Text (Pre-)Processing


Normalize words in text that have been split across lines by a hyphen for visual consistency (aka hyphenated) by joining the pieces back together, sans hyphen and whitespace.


Normalize all “fancy” single- and double-quotation marks in text to just the basic ASCII equivalents.


Normalize repeating characters in text by truncating their number of consecutive repetitions to maxn.


Normalize unicode characters in text into canonical forms.


Replace all contiguous zero-width spaces with an empty string, line-breaking spaces with a single newline, and non-breaking spaces with a single space, then strip any leading/trailing whitespace.


Remove accents from any accented unicode characters in text, either by replacing them with ASCII equivalents or removing them entirely.


Remove punctuation from text by replacing all instances of marks with whitespace.


Replace all currency symbols in text with replace_with.
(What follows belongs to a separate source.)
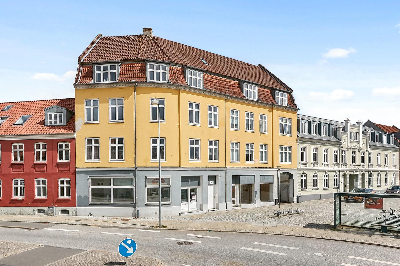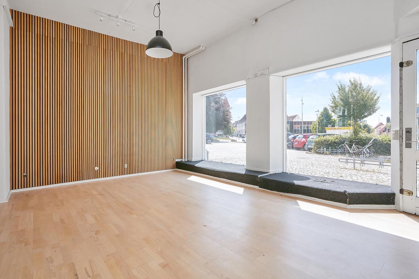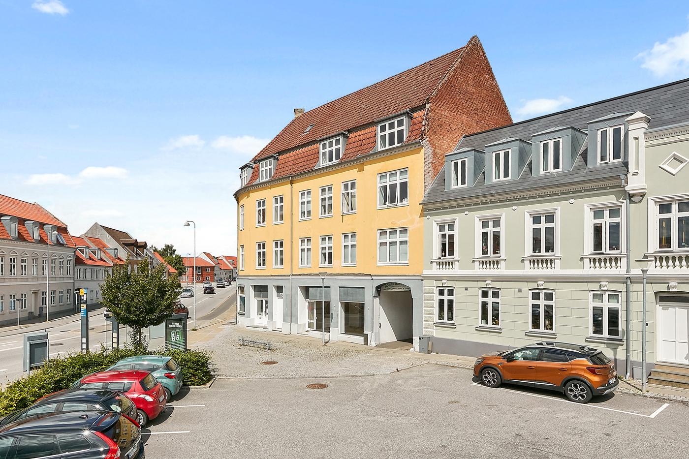 Med naboer som apotek, bager og dagligvarebutikker samt nærhed til Forum Horsens og Horsens Station, får du en placering med både liv og bekvemmelighed.

Replace all email addresses in text with replace_with.


Replace all emoji and pictographs in text with replace_with.


Replace all hashtags in text with replace_with.


Replace all numbers in text with replace_with.


Replace all phone numbers in text with replace_with.


Replace all URLs in text with replace_with.


Replace all user handles in text with replace_with.


textacy.preprocessing.normalize: Normalize aspects of raw text that may vary in problematic ways.

textacy.preprocessing.normalize.normalize_hyphenated_words(text: str)str[source]

Normalize words in text that have been split across lines by a hyphen for visual consistency (aka hyphenated) by joining the pieces back together, sans hyphen and whitespace.

textacy.preprocessing.normalize.normalize_quotation_marks(text: str)str[source]

Normalize all “fancy” single- and double-quotation marks in text to just the basic ASCII equivalents. Note that this will also normalize fancy apostrophes, which are typically represented as single quotation marks.

textacy.preprocessing.normalize.normalize_repeating_chars(text: str, *, chars: str, maxn: int = 1)str[source]

Normalize repeating characters in text by truncating their number of consecutive repetitions to maxn.

  • text

  • chars – One or more characters whose consecutive repetitions are to be normalized, e.g. “.” or “?!”.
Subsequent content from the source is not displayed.